In this chapter we discussed wy well-designed data graphics are important and we described a taxonomy for understanding their composition.
The objective of this assignment is for you to understand what characteristics you can use to develop a great data graphic.
Each question is worth 5 points.
To submit this homework you will create the document in Rstudio, using the knitr package (button included in Rstudio) and then submit the document to your Rpubs account. Once uploaded you will submit the link to that document on Canvas. Please make sure that this link is hyper linked and that I can see the visualization and the code required to create it.
Question #1
Answer the following questions for this graphic Relationship between ages and psychosocial maturity
Identify the visual cues, coordinate system, and scale(s)
Visual cues: color, position, length, and direction Coordinate system: Cartesian Scale: Time
How many variables are depicted in the graph? Explicitly link each variable to a visual cue that you listed above.
Four pairs of two identical variables menarche and psychosocial maturation
20,000 years ago: length (length of menarche and psychosocial maturation are different)
2,000 years ago: position (compared to the 20,000-years-ago variable pair, it’s in a different position)
200 years ago: direction (compared to the other variable pairs, it’s slightly going up)
Present:color to distinguish menarche and psychosocial maturation
Critique this data graphic using the taxonomy described in the lecture.
The data graphic has color visual cues to distinguish menarche and psychosocial maturation. It tries to show there is a mismatch between menarche and psychosocial maturation in the present time. Also, the scale of the graphic shows a time scale where there is a numeric quantity that has some special properties.
Question #2
Answer the following questions for this graphic World’s top 10 best selling cigarette brands 2004-2007
Visual cues: color and length Coordinate system: Cartesian Scale(s): Linear
10 variables Marlboro: color & length Mild Seven: color & length L&M: color & length Winston: color & length Camel: color & length Cleopatra: color & length Derby: color & length Pall Mall: color & length Kent: color & length Wills Gold flake: color & length
The data graphic has visual cues of color and length. We can see that Marlboro was the number 1 top best selling cigarette brand between 2004 and 2007. With the title and x-axis label, it gives us a clear context of what the purpose of the data graphics is to make meaningful comparison. With that said, it has a linear scale where x-axis is sales in billions($).
Question #3
Find two data graphics published in a newspaper on on the internet in the last two years.

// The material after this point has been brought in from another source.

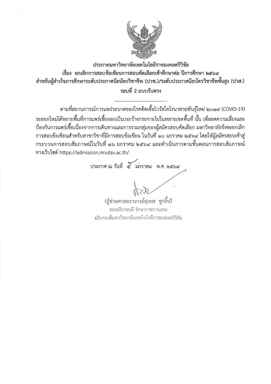 เรื่องยกเลิกการสอบข้อเขียนการสอบคัดเลือกเข้าศึกษาต่อ ปีการศึกษา ๒๕๖๔ สำหรับผู้สำเร็จการศึกษา ปวช/ปวส รอบที่ 2 แบบรับตรง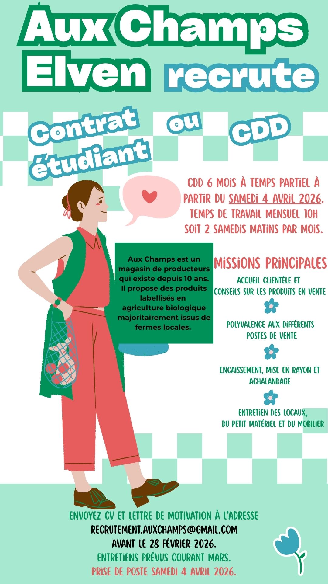 Le magasin a besoin d’un coup de main les samedis matin et nous sommes à la recherche d’un employé les samedis matins.

I find the graphic compelling because it is simple and beautiful. The data graphic has color visual cues to distinguish. It shows there is a discrepancy of interpreted prices between two perspectives. Also, the scale of the graphic shows a time scale with approriate spacing and key percentage change labeled.
knitr::include_graphics("pic.png")
I find the graphic less compelling because it is messy and confusing. The data graphic has visual cues of color and length. It’s hard to see anything very clearer, and it is impossible to make any comparison or judgement.
knitr::include_graphics("pic1.png")
Question #4
Briefly (one paragraph) critique the designer’s choices. Would you have made different choices? Why or why not? Note: Link contains a collection of many data graphics, and I don’t expect (or want) you to write a full report on each individual graphic. But each collection shares some common stylistic elements. You should comment on a few things that you notice about the design of the collection.
Answer: Using the cohesive and unified visual cue especially color patterns makes the design of the collection more compelling and professional. However, there are too many texts and data points so it’s hard to figure out which data point is important. More precisely, it is asking three different questions in less than 2 pages (“Who are data science practitioners, what skills do they need, and why are they so different?”). To make it more effective, I would seperate each question and group each graph with the questions. So the first section is about “Who are they?”, the second section “What skills do they have?”, and the third section is “What makes them different?” This way, it gives the reader more clear context on what data visualization they are looking at.
Question #5
Briefly (one paragraph) critique the designer’s choices. Would you have made different choices? Why or why not? Note: Link contains a collection of many data graphics, and I don’t expect (or want) you to write a full report on each individual graphic. But each collection shares some common stylistic elements. You should comment on a few things that you notice about the design of the collection.
Charts that explain food in America
Answer: Using geographic coordinate system to show how food industry has changed throughout the years. Total there are 40 data visualizations that have different coordinate system, such as Cartesian coordinate system to convey the food changes. That said, almost all data visualizations have a clear visual cue using color to distinguish different data points in the visualizations. To improve, I would suggest using less visualization to convey where our food comes from and how we eat it. In other words, the visualizations need to have a clear focus and not distract the audience. And they should give a clear context of what each visualization is try to emphasize.